The design of AACS seems aimed at limiting entry to the market for next-gen DVD players. It will probably succeed at that goal. What it won’t do is prevent unauthorized filesharing of movies.
To understand why it meets one goal and not the other, let’s look more closely at how AACS manages cryptographic keys. The details are complicated, so I’ll simplify things a bit. (For full details see Chapter 3 of the AACS spec, or the description of the Subset Difference Method by Naor, Naor, and Lotspiech.) Each player device is assigned a DeviceID (which might not be unique to that device), and is given decryption keys that correspond to its DeviceID. When a disc is made, a random “disc key” is generated and the video content on the disc is encrypted under the disc key. The disc key is encrypted in a special way and is then written onto the disc.
When a player device wants to read a disc, the player first uses its own decryption keys (which, remember, are specific to the player’s DeviceID) to unlock the disc key; then it uses the disc key to unlock the content.
This scheme limits entry to the market for players, because you can’t build a player without getting a valid DeviceID and the corresponding secret keys. This allows the central licensing authority, which hands out DeviceIDs and keys, to control who can make players. But there’s another way to get that information – you could reverse-engineer another player device and extract its DeviceID and keys, and then you could make your own players, without permission from the licensing authority.

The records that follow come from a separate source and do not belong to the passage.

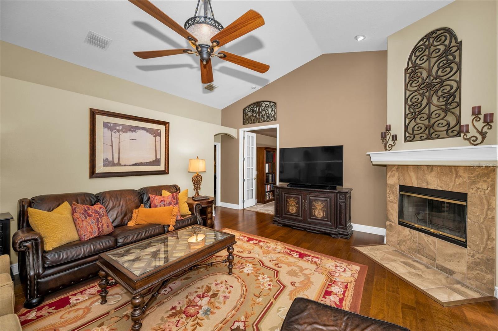 MASSIVE PRICE IMPROVEMENT! BEAUTIFUL GREY HAWK AT LAKE POLO HOME. QUALITY & CHARACTER ABOUND IN THIS PRISTINE HOME AND IT TRULY SHOWS LIKE A MODEL. SPACIOUS 4BR, 3 BATH HOME WITH A LARGE BONUS ROOM WHICH COULD BE A GUEST SUITE OR IN-LAW W/SEPARATE, OUTSIDE ENTRY. THERE IS AN OVERSIZE THREE CAR SIDE-ENTRY GARAGE. SPARKLING SCREEN POOL WITH DECORATIVE STONE WATERFALL FOR A VERY RELAXING VIEW. THE CHARMING COVERED FRONT PORCH W/BRICK PAVERS, GLASS DOUBLE DOORS AND GLEAMING HARDWOOD FLOORING IN THE ENTRY, LR, DR, FR & KIT PROVIDES AN ELEGANT ENTRY TO YOUR FORMAL AREAS. THE LR HAS A TREY CEILING, W/DOUBLE GLASS FRENCH DOORS TO THE LANAI. THE KITCHEN IS DELIGHTFUL, W/BEAUTIFUL GRANITE COUNTERTOPS, NEW STOVE & MICROWAVE (AUGUST 2025), AN ABUNDANCE OF WOOD CABINETS AND A LARGE BREAKFAST BAR FOR ADDITIONAL SEATING. THE KITCHEN IS OPEN TO THE FR AND EATING AREA WITH MITERED GLASS WINDOW THAT PROVIDES A PICTURESQUE VIEW OF THE POOL AND WATERFALL. THE MITERED WINDOW HAS A CUSTOM VALANCE WITH RETRACTABLE SHADES. THERE IS ALSO A SINGLE GLASS FRENCH DOOR LEADING TO THE COVERED/SCREENED LANAI. THE FR HAS A BEAUTIFUL CATHEDRAL CEILING, WOOD BURNING FIREPLACE WITH A LOVELY MANTLE AND DECORATIVE NICHE. THE FANTASTIC BONUS ROOM HAS TRIPLE SLIDING GLASS DOORS, WITH RETRACTABLE SHADES, THAT LEAD TO THE LANAI/POOL AND DOUBLE FRENCH DOORS TO THE FR. ALL BATHS HAVE TILE FLOORS (TILE GROUT WORK AND CALKING IN ALL BATHS AND LAUNDRY WAS COMPLETED/UPDATED (MARCH 2025). WHILE THE BEDROOMS AND BONUS ROOM HAVE NEW CARPET (MARCH 2025). THE HOME ALSO HAS MULTIPLE SETS OF PLANTATION SHUTTERS AND CUSTOM VALANCES. ALSO 2 NEW A/C UNITS (COMPRESSOR & AIR HANDLER (JULY 2023), WROUGHT IRON FENCED BACK YARD WITH NEWLY INSTALLED PRIVACY LANDSCAPING (MARCH 2025). NEW ROOF (JULY, 2024). NEW HOT WATER HEATER (MARCH 2025). NEW EXTERIOR PATIO FANS AND NEW EXTERIOR DOOR NOBS (2025). THERE IS NO CDD. THERE IS A ONE-TIME CAPITAL CONTRIBUTION TO THE HOA FOR NEW RESIDENTS OF $3,000. THE COMMUNITY ALSO HAS A PLAYGROUND, TENNIS COUNTS, BASKETBALL COURT, BEACH VOLLEYBALL, FISHING PIER AND WALKING TRAILS.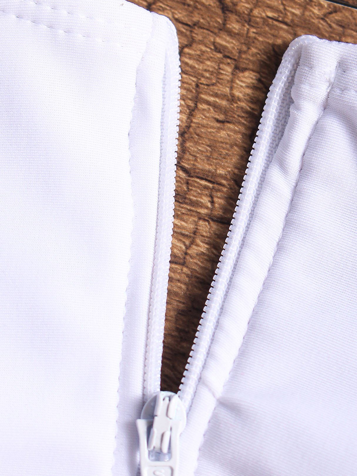 White Scoop Neck Sleeveless Zip Back Two Piece Bikinis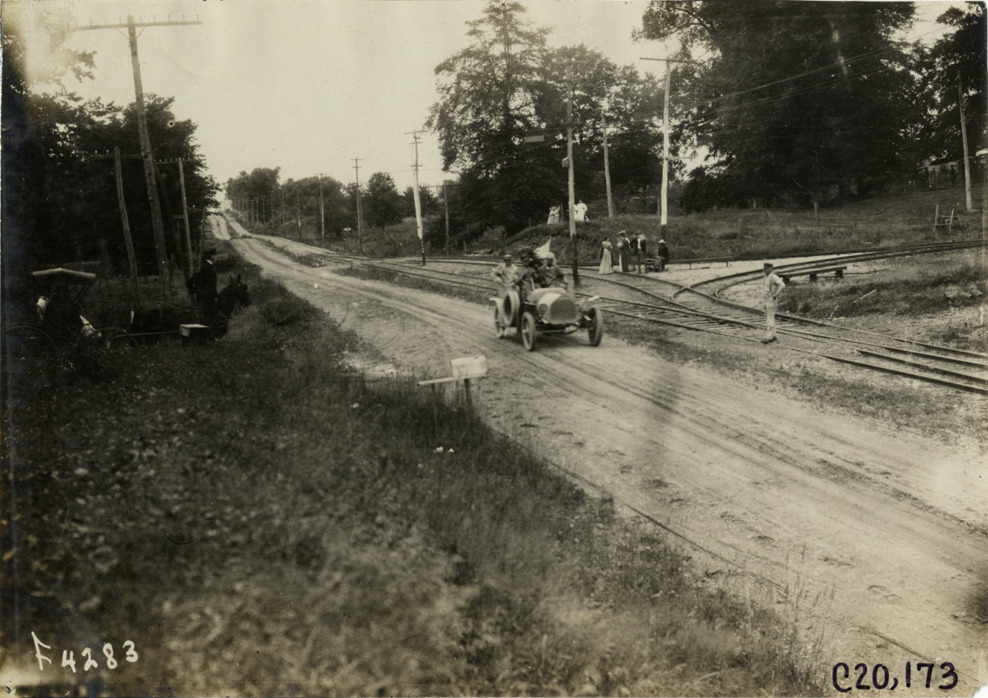 View of motorists in car traveling on rural dirt road adjacent to railroad tracks during the 1907 Glidden Tour. Spectators on roadside. Stamped on back: "Photo by N. Lazarnick, 29 West 42nd Street, New York." Handwritten on back: "Tours--Glidden Tour, 1907."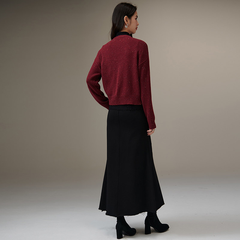 【反季清仓】秋季羊绒衫女堆堆领短款套头毛衣高领修身打底针织衫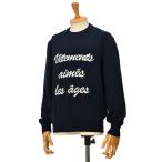 秋冬 lucien pellat-finet カシミヤ100% クルーネックニット ROM5754 メッセージ インターシャ セーター メンズ ルシアンペラフィネ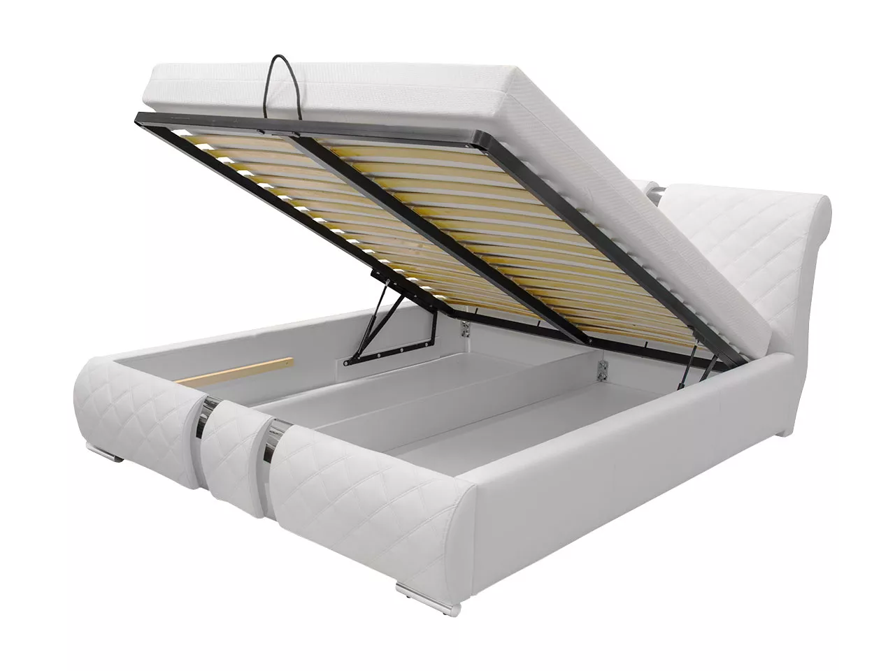 VÝPRODEJ - Čalouněná manželská postel 160x200 ZOILA - bílá ekokůže

To stop this, the licensing authority will maintain a blacklist of “compromised” DeviceIDs. Newly manufactured discs will be made so that their disc keys can be unlocked only by DeviceIDs that aren’t on the blacklist. If a DeviceID is added to the blacklist today, then players with that DeviceID won’t be able to play discs that are manufactured in the future; but they will still be able to play discs manufactured in the past.
CSS used a scheme rather like this, but there were only a few distinct DeviceIDs. A large number of devices shared a DeviceID, and so blacklisting a DeviceID would have caused lots of player devices in the field to break. This made blacklisting essentially useless in CSS. AACS, by contrast, uses some fancy cryptography to increase the number of distinct DeviceIDs to about two billion (2 to the 31st power). Because of this, a DeviceID will belong to one device, or at most a few devices, making blacklisting practical.
This looks like a good plan for controlling entry to the market. Suppose I want to go into the player market, without signing a license with the licensing authority. I can reverse-engineer a few players to get their DeviceIDs and keys, and then build those into my product. The licensing authority will respond by figuring out which DeviceIDs I’m using, and revoking them. Then the players I have sold won’t be able to play new discs anymore, and customers will shun me.
This plan won’t stop filesharing, though. If somebody, somewhere makes his own player using a reverse-engineered DeviceID, and doesn’t release that player to the public, then he will be able to use it with impunity to play or rip discs. His DeviceID can only be blacklisted if the licensing authority learns what it is, and the authority can’t do that without getting a copy of the player. Even if a player is released to the public, it will still make all existing discs rippable. New discs may not be rippable, at least for a while, but we can expect new reverse-engineered DeviceIDs to pop up from time to time, with each one making all existing discs rippable. And, of course, none of this stops other means of ripping or capturing content, such as capturing the output of a player or infiltrating the production process.
Once again, DRM will limit competition without reducing infringement. Companies are welcome to try tactics like these. But why should our public policy support them?